Prior approaches that have used content analysis to rank broad queries on the WWW cannot distinguish between authoritative and non-authoritative pages (e.g., they fail to detect spam pages). Hence the ranking tends to be poor and search services have turned to other sources of information besides content to rank results. We next describe some of these ranking strategies, followed by our new approach to authoritative ranking - which we call Hilltop.
Ranking Based on Human Classification: Human editors have been used by companies such as Yahoo! and Mining Company to manually associate a set of categories and keywords with a subset of documents on the web. These are then matched against the user's query to return valid matches. The trouble with this approach is that: (a) it is slow and can only be applied to a small number of pages, and (b) often the keywords and classifications assigned by the human judges are inadequate or incomplete. Given the rate at which the WWW is growing and the wide variation in queries this is not a comprehensive solution.
Ranking Based on Usage Information: Some services such as DirectHit collect information on: (a) the queries individual users submit to search services and (b) the pages they look at subsequently and the time spent on each page. This information is used to return pages that most users visit after deploying the given query. For this technique to succeed a large amount of data needs to be collected for each query. Thus, the potential set of queries on which this technique applies is small. Also, this technique is open to spamming.
Ranking Based on Connectivity: This approach involves analyzing the hyperlinks between pages on the web on the assumption that: (a) pages on the topic link to each other, and (b) authoritative pages tend to point to other authoritative pages.
PageRank [Page et al 98] is an algorithm to rank pages based on assumption b. It computes a query-independent authority score for every page on the Web and uses this score to rank the result set. Since PageRank is query-independent it cannot by itself distinguish between pages that are authoritative in general and pages that are authoritative on the query topic. In particular a web-site that is authoritative in general may contain a page that matches a certain query but is not an authority on the topic of the query. In particular, such a page may not be considered valuable within the community of users who author pages on the topic of the query.

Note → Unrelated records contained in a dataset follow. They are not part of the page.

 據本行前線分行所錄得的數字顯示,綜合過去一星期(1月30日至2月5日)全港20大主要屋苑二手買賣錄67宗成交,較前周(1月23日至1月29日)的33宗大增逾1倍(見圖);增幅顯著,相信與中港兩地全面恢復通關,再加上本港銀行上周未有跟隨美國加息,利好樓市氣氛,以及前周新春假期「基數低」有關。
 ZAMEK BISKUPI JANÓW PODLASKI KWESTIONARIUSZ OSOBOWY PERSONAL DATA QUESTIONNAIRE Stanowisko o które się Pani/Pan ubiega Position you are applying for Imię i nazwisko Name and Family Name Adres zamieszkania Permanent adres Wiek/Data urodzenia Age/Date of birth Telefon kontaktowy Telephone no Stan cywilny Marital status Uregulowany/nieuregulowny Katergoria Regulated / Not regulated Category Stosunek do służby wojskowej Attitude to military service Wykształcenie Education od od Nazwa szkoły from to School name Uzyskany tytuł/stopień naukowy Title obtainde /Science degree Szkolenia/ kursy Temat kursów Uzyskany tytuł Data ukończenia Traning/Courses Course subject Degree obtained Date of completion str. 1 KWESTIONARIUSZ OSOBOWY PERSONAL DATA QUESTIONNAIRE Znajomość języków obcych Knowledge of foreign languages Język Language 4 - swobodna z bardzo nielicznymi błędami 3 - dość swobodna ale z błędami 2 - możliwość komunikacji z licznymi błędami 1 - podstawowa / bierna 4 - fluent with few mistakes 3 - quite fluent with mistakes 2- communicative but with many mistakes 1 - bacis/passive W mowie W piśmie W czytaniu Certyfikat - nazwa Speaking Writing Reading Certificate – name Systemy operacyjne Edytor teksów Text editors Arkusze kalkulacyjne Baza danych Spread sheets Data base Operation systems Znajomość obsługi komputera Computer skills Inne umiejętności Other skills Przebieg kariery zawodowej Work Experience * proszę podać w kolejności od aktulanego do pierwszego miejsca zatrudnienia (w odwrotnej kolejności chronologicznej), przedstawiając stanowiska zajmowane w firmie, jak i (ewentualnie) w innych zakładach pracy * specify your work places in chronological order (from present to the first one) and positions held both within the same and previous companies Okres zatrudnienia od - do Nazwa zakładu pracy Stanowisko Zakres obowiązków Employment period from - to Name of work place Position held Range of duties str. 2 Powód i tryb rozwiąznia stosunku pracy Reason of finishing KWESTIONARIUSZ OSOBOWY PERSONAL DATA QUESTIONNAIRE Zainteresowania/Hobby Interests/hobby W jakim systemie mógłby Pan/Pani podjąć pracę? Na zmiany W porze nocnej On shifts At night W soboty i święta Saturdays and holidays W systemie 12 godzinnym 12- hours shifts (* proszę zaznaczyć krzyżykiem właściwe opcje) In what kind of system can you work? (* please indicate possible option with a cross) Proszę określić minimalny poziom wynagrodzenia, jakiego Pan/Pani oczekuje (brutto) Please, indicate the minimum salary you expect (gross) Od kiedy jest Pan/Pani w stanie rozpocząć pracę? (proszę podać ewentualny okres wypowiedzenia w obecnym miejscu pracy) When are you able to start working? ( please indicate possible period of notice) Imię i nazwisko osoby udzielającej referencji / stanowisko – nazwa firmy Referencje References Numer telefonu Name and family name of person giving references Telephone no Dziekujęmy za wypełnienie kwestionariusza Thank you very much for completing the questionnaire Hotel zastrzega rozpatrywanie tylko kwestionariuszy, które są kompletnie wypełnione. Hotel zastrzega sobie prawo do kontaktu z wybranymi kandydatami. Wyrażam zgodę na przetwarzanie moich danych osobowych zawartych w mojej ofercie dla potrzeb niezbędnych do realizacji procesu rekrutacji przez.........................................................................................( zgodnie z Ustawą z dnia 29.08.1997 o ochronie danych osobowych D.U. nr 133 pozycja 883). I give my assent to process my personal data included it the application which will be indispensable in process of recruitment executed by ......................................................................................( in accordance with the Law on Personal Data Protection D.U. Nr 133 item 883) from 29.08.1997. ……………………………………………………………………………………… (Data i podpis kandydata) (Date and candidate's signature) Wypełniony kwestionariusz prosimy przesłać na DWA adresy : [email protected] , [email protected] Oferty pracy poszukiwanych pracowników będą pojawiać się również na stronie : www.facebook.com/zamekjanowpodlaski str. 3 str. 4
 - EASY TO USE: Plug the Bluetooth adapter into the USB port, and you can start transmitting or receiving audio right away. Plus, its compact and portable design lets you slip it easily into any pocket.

An alternative to PageRank is Topic Distillation [Kleinberg 97, Chakrabarti et al 98, Bharat et al 98, Chakrabarti et al 99]. Topic distillation first computes a query specific subgraph of the WWW. This is done by including pages on the query topic in the graph and ignoring pages not on the topic. Then the algorithm computes a score for every page in the subgraph based on hyperlink connectivity: every page is given an authority score. This score is computed by summing the weights of all incoming links to the page. For each such reference, its weight is computed by evaluating how good a source of links the referring page is. Unlike PageRank, Topic Distillation is only applicable to broad queries, since it requires the presence of a community of pages on the topic.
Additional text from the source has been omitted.